レーザー発振器は、キャビティ(光共振器)と、その中に設置された媒質、および媒質をポンピング(電子をより高いエネルギー準位に持ち上げること)するための装置から構成される。キャビティは典型的には、2枚の鏡が向かい合った構造を持っている。波長がキャビティ長さの整数分の一となるような光は、キャビティ内をくり返し往復し、定常波を形成する。媒質はポンピングにより、吸収よりも誘導放出の方が優勢な、いわゆる反転分布状態を形成する。すると、キャビティ内の光は媒質を通過するたびに誘導放出により増幅され、特に光がキャビティに共振し定常波を形成している場合には再帰的に増幅が行われる。

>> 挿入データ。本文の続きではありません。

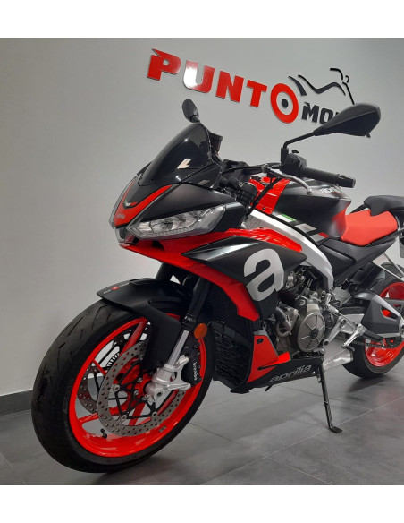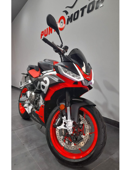 Vehículo revisado, APRILIA TUONO 660, 2022 con 3165 kms, TRANSFERIDO, entrega inmediata, FINANCIACION a medida con posibilidad de cancelaciones parciales y cancelación total antes de tiempo, revisiones al día EN CONCESIONARIO OFICIAL, LIBROS, PRACTICAMENTE NUEVA, pintura original. Sistema de iluminación FULL-LED, conducción diurna DRL. Motor de dos cilindros en linea de 660 cc y 95 cv de potencia (esta versión no es valida para el A2 y tampoco tiene limitación). Horquillas invertidas Kayaba de 41 mm y amortiguador trasero regulable en precarga y extensión. Sistema de frenado ABS con pinzas de freno Brembo radiales y discos de freno de 320 mm. Acelerador electronico Ride-By-Wire, plataforma inercial -IMU- de dos ejes, control de tracción, control anti caballito, control de velocidad de crucero, control del freno motor, mapas de motor, embrague anti rebote. Pantalla TFT a color con conectividad con el smartphone, ordenador de abordo, luz sobre sobre regimen, indicador de marcha engranada, recordatorio de revisiones, 820 mm de altura del asiento al suelo, 15L de capacidad de combustible con un consumo medio de 4.9L/100km. inmovilizador electronico, maneta de freno y de embrague regulables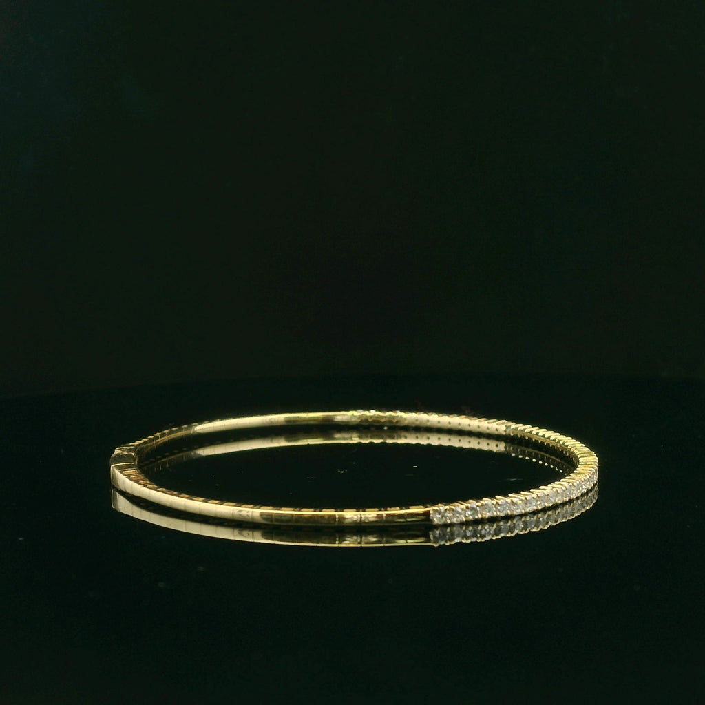 Experience timeless elegance with this flexible tennis bracelet, meticulously crafted in lustrous 10k yellow gold gold. The bracelet features a continuous stream of round cut lab grown diamonds, adding up to 1cttw. A perfect balance of sophistication and understated luxury, this diamond tennis bracelet is an essential addition to any fine jewelry collection.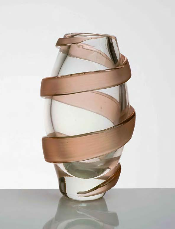 VENINI Vaso in vetro con fascia applicata coclide color tè. altezza cm 31,5. Firma incisa: Venini 1987 Reca etichetta Venini.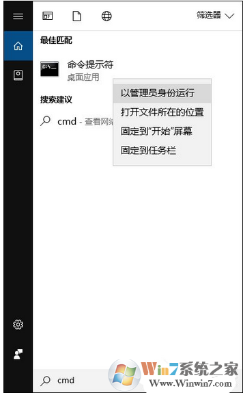 1、按Win+S打開搜索框,在搜索框中輸入cmd,在列表中右鍵命令提示符選項(xiàng)“以管理員身份運(yùn)行”并打開。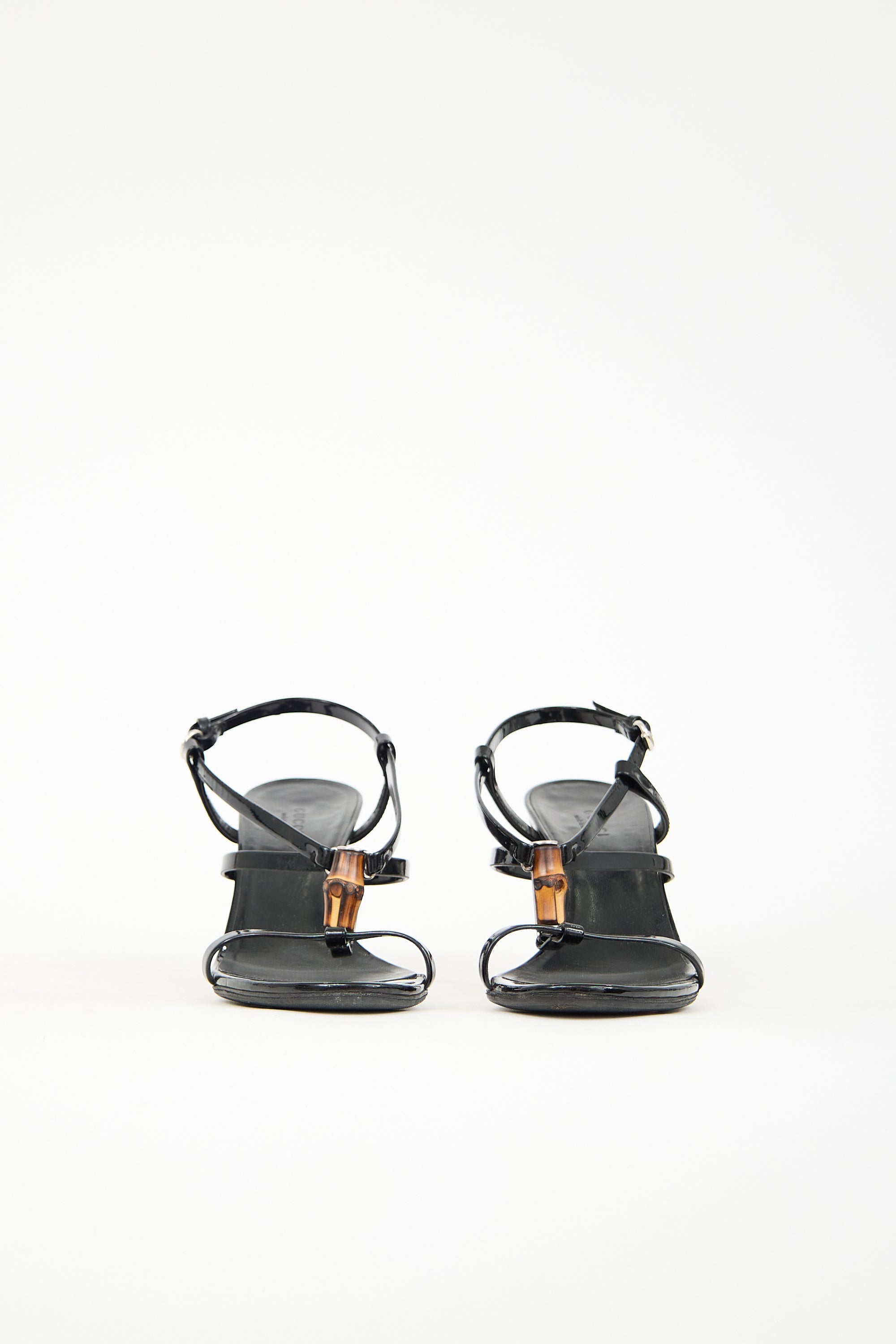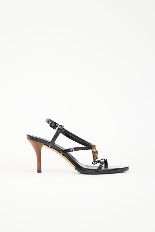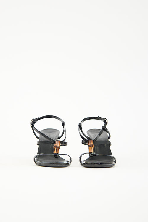Pre-owned Gucci black patent leather sandals featuring open rounded toe, bamboo embellished T-strap, silver tone hardware, adjustable ankle strap, and a wood heel.

キャビティを形成する鏡のうち一枚を半透鏡にしておけば、そこから一部の光を外部に取り出すことができ、レーザー光が得られる。外部に取り出したり、キャビティ内での吸収・散乱等によりキャビティ内から失われる光量と、誘導放出により増加する光量とが釣り合っていれば、レーザー光はキャビティから継続的に出射される。

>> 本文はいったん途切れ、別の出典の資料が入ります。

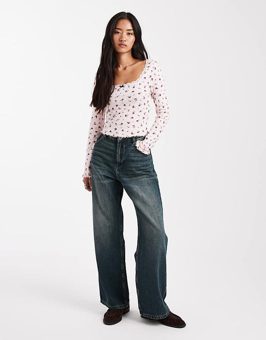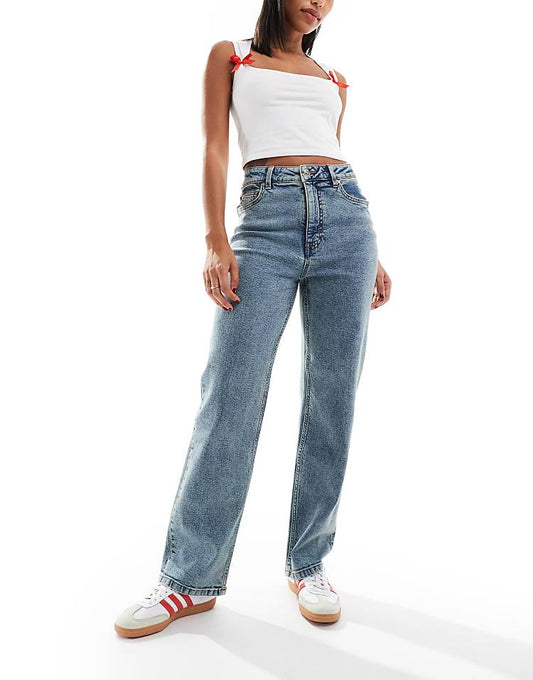 Heart Pocket Straight Leg Jeans in Vintage Dirty Wash - Trendy & Stylish Fashion Statement
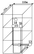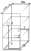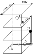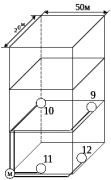 Для заданного плана расположения узлов сети выбрать оптимальную топологию сети и рассчитать минимальную суммарную длину соединительного кабеля. Топологию выбирать с учетом того, что между строениями планируется использовать только оптоволоконный кабель, внутри строений - коаксиальный кабель или витую пару.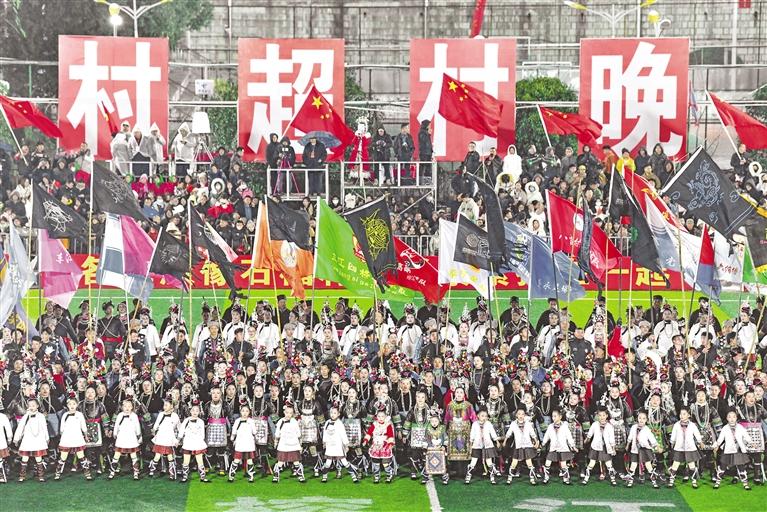 當(dāng)天15時(shí)30分,“村超村晚”活動(dòng)現(xiàn)場及分會(huì)場已是人頭攢動(dòng)。年貨大集上,當(dāng)?shù)卮迕駧砻缋C蠟染、鮮果特產(chǎn)、風(fēng)物美食等百余種特色產(chǎn)品進(jìn)行展示銷售,游客大飽口福、眼福,熱烈氛圍讓人歡欣鼓舞。在賽場上設(shè)立的“村晚”龍門陣演播室里,過去一年中,從“村超”涌現(xiàn)的球員、教練、啦啦隊(duì)員、解說員、幕后工作者及外地游客等代表性人物,通過現(xiàn)場“互動(dòng)訪談+短視頻”的形式,從不同的角度與視野暢談“村超”故事和“村超”夢想。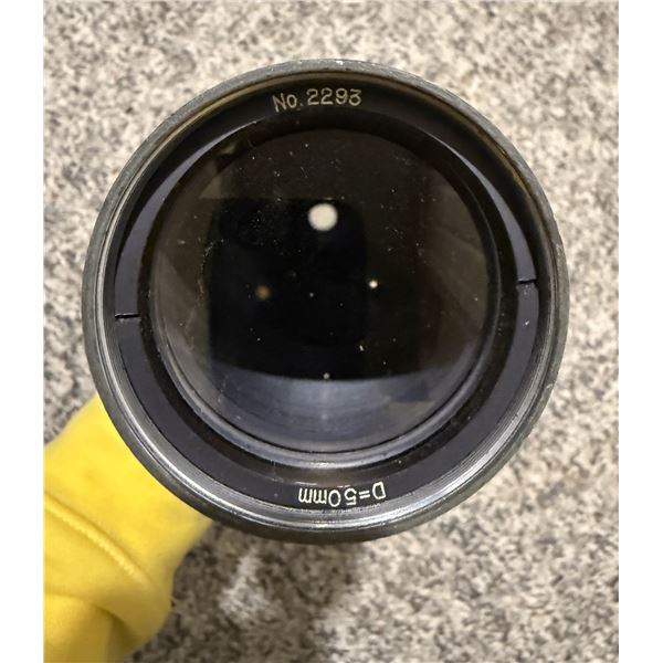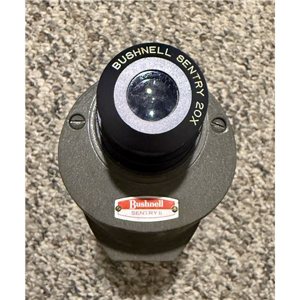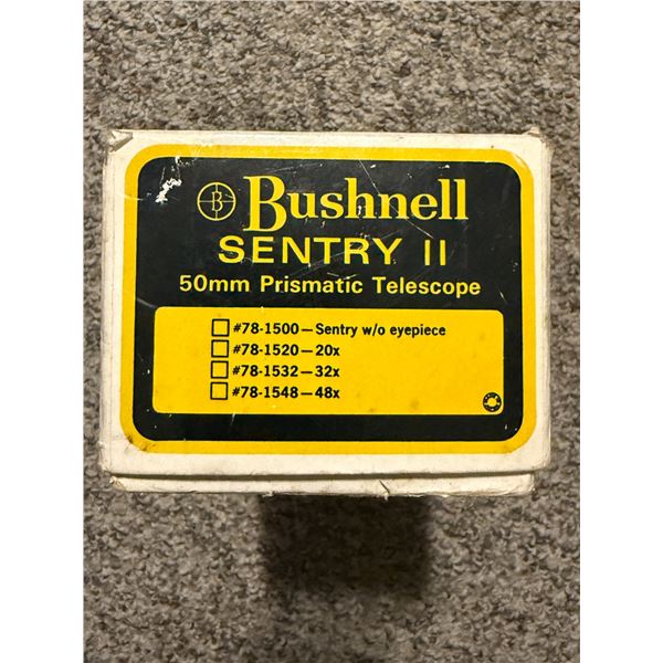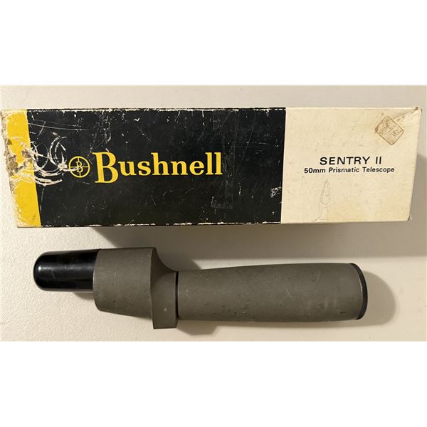 Bushnell Sentry II Spotting Scope, featuring the 20x eyepiece and the classic prismatic 50mm design. This unit is made in Japan and comes with its original Bushnell box (box shows wear and tear, as pictured). Serial No. 2293.

媒質は反転分布を形成するために、三準位モデルや四準位モデルなどの量子力学的エネルギー構造を持っている必要がある。媒質のポンピングは、光励起、放電、化学反応、電子衝突等、さまざまな方法で行われる。光励起を用いるものの中には他のレーザー光源を用いる方法もある。また半導体レーザーでは、ポンピングは電流の注入により行われる。
1958年、C・T・タウンズ と A・L・ショウロウ によって理論的に実現の可能性が指摘され、1960年に、T・H・メイマンがルビー結晶によるレーザー発振を初めて実現した。
[編集] 特徴
- 可干渉性で位相方向が揃う光
- パルス化が可能(CWレーザーやパルスレーザー)
- 単一波長である(CWレーザーの場合)
- 強度が高い
[編集] 種類
レーザーは媒体(誘導放出を起こす物質)によっていくつかの種類に分けられる。
[編集] 固体レーザー
媒体が固体であるものを固体レーザーという。クロムイオンをサファイア結晶に混入させたルビーレーザーやネオジムイオンをYAG(イットリウム・アルミニウム・ガーネット結晶)に入れたYAGレーザー(正確にはNd: YAGレーザーと記述する)が代表的である。YAGレーザーは波長が1064nmの光(赤外線)を発するが、非線形光学結晶を用いて高調波を発生させることによって、波長532nmの緑色の光や355nmの紫外線なども出すことができる装置もある。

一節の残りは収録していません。